On 2019/02/24, Roman Catholics who attended the Mass for Seventh Sunday of Ordinary Time (Cycle C) heard St Paul telling the Corinthians:
It is written, `The first man, Adam, became a living being,’ the last Adam a life-giving spirit. But the spiritual was not first: rather the natural and then the spiritual. The first man was from the earth, earthly, the second man, from heaven. [The entire reading is 1 Corinthians 15:45-49.]
Let me put this in terms compatible with our current empirical and verifiable knowledge about human beings:
The man who is natural is the human animal who evolved from an ancestor common to humans and chimpanzees.
The man who is spiritual has developed a sense of wonder and a higher level of capacity for abstract reasoning. He has looked into the sky and has wondered if there is some meaning behind all of this confusion. He has detected the presence of some divine force though he misinterprets it as forces of multiple spirits, some of them more mortal than immortal. At some point, men at this level of evolution gathered into communities increasingly complex over time, communities which gathered and which stayed together to engage in the collective worship of moral gods. (See Is Modern Atheism a Result of High Loads of Genetic Mutations?.) Eventually, some such men began, and still begin, to worship the one true God. Eventually, the Son of God came to teach men a little about the internal life of this one true God, an internal life of interaction between Father and Son and Holy Spirit. He offered a share of this life to those who wished to be His friends.

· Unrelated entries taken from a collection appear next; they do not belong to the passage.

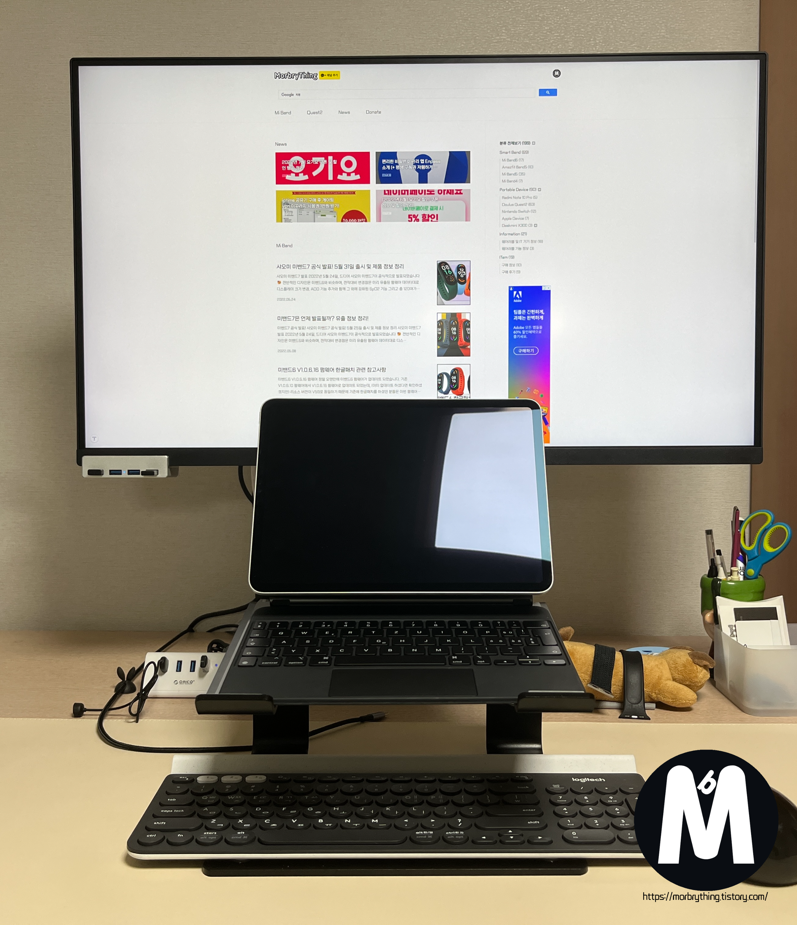전 데스크탑 PC가 있지만 집에 있을때도 아이패드 + 매직키보드를 자주 사용하는 편입니다. 웹서핑이나 유튜브 시청같은 간단한 작업(?)은 아이패드로도 충분하기 때문에 그렇게 사용하고 있는데요.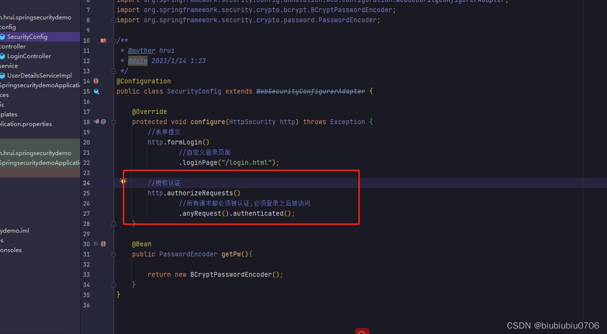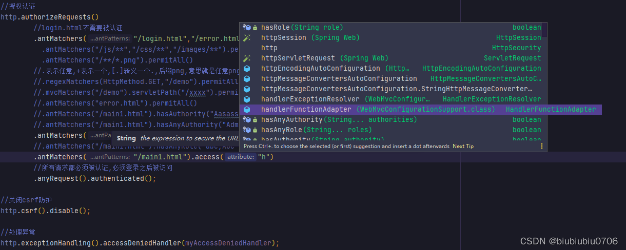 上面anyRequest就是所有请求都需要做什么事 一般都是.anyRequest().authenticated().即都需要被认证,即登录后可以访问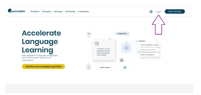 No navegador, clique em Login, no canto superior direito. No aplicativo, vai automaticamente para o login.

The meaning of St Paul’s analysis is retained as it is re-interpreted in terms of what we now know about God’s acts-of-being, His acts of Creation and His acts of sustaining, acts described better by Einstein and Darwin than by those who saw the Almighty as a magician.

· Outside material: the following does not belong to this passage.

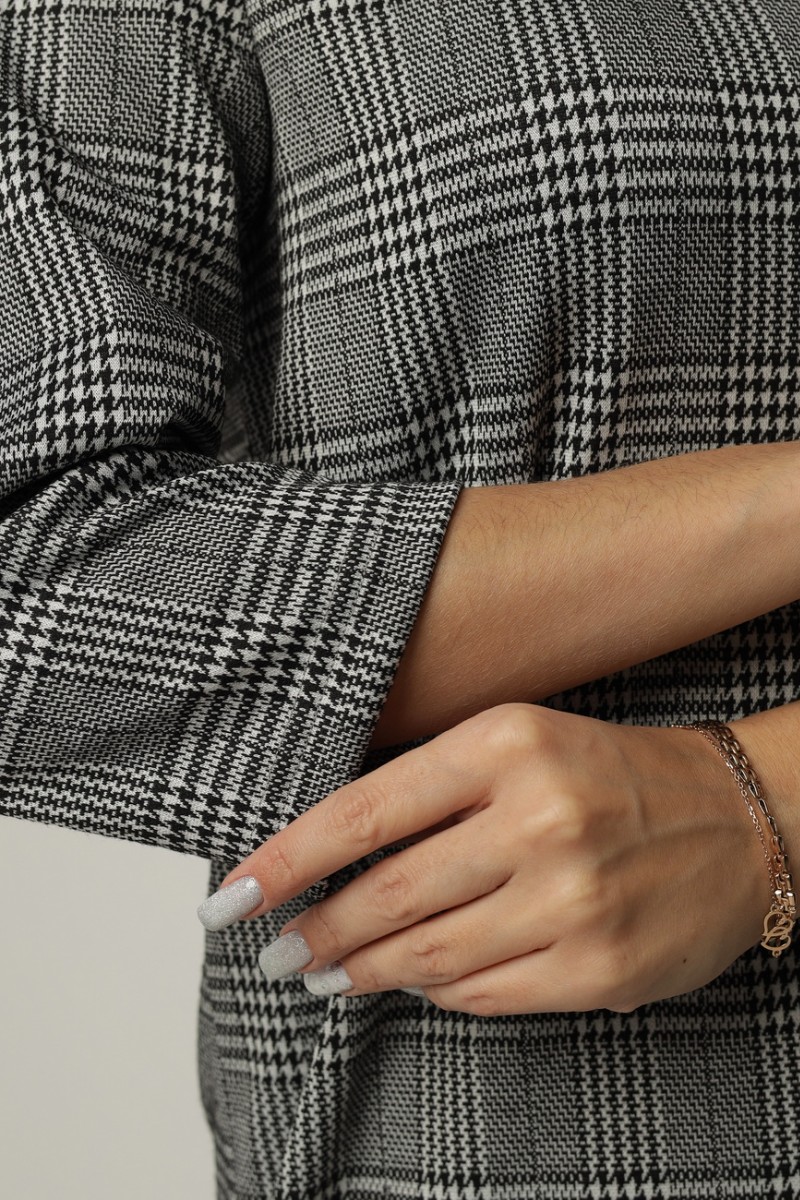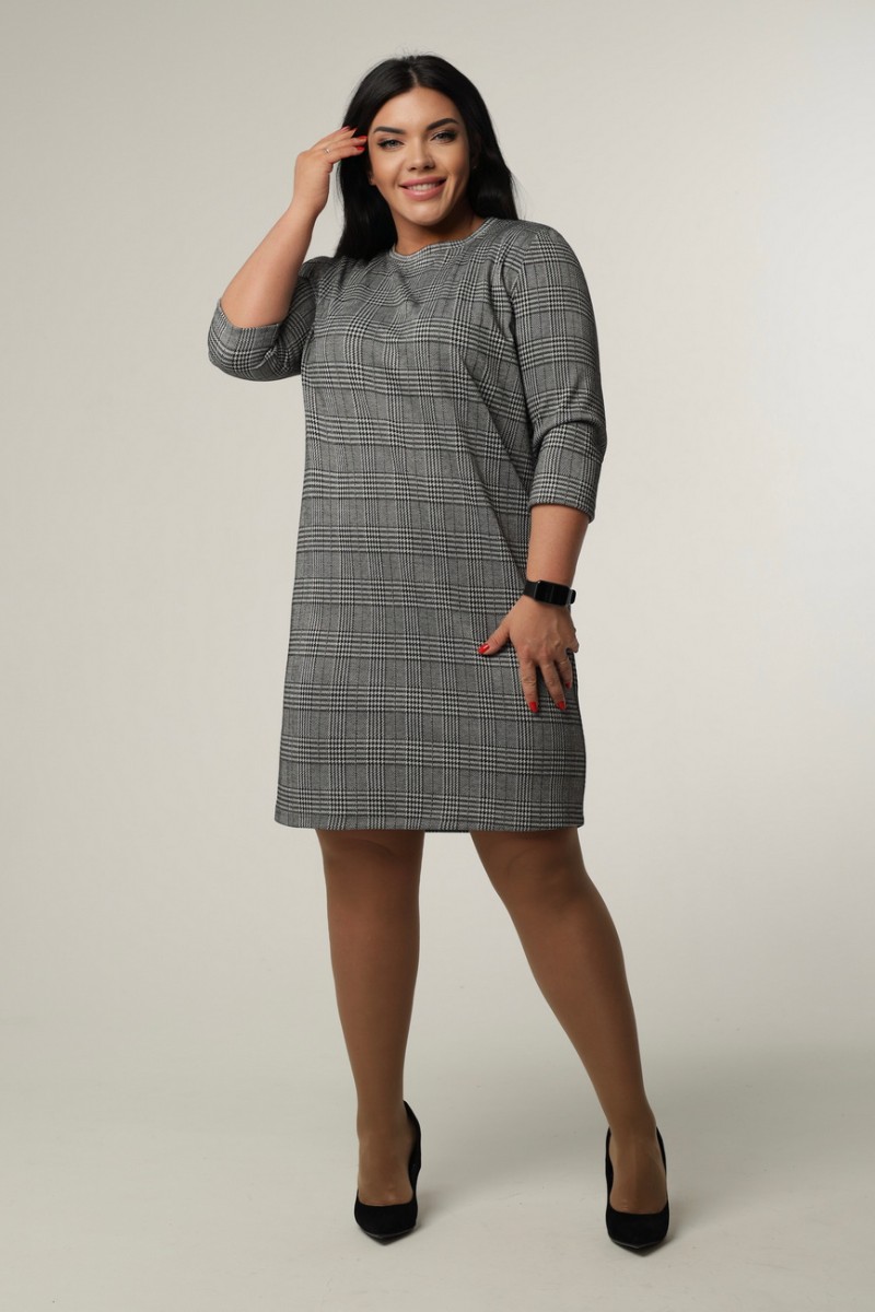 Платье женское П-176 жаккард принт (последний размер) серая клетка 52

It’s time for us to move on and, in acknowledgment of God as Creator of this evolutionary and developmental world, to realize that the Church Fathers were wrong, though their error was understandable: we need to confess we are conceived and are born as human animals (human natures in some philosophical and theological terms) and are raised by God to the status of His friends, as we play our role by properly responding to the Almighty or, at least, to His Creation.
The soul isn’t necessary. What’s necessary to me as an individual is for God to choose me as a friend to share the life of His Son, the Lord Jesus Christ, in the world of the resurrected. Arguably, the conjecture of a soul is nothing more than a pagan-like attempt to guarantee our survival into an afterlife (the region of the damned or that of the saved). Wrongful metaphysics and wrongful theological speculation couldn’t see how we could survive without a part of us having continuous existence, though they couldn’t have told anyone what it meant to have such continuity between this part of Creation and the part in which the resurrected share God’s life. God created each of us one time in our mother’s womb and, yet, we continue to exist only because of acts of sustaining us in being, acts-of-being which aren’t so much different from an act of creation from nothingness. Each of us exists as a focus of God’s love. He can direct His love into the world of the resurrected and, then, we exist there as the focus of the same love, the same act-of-being which is us.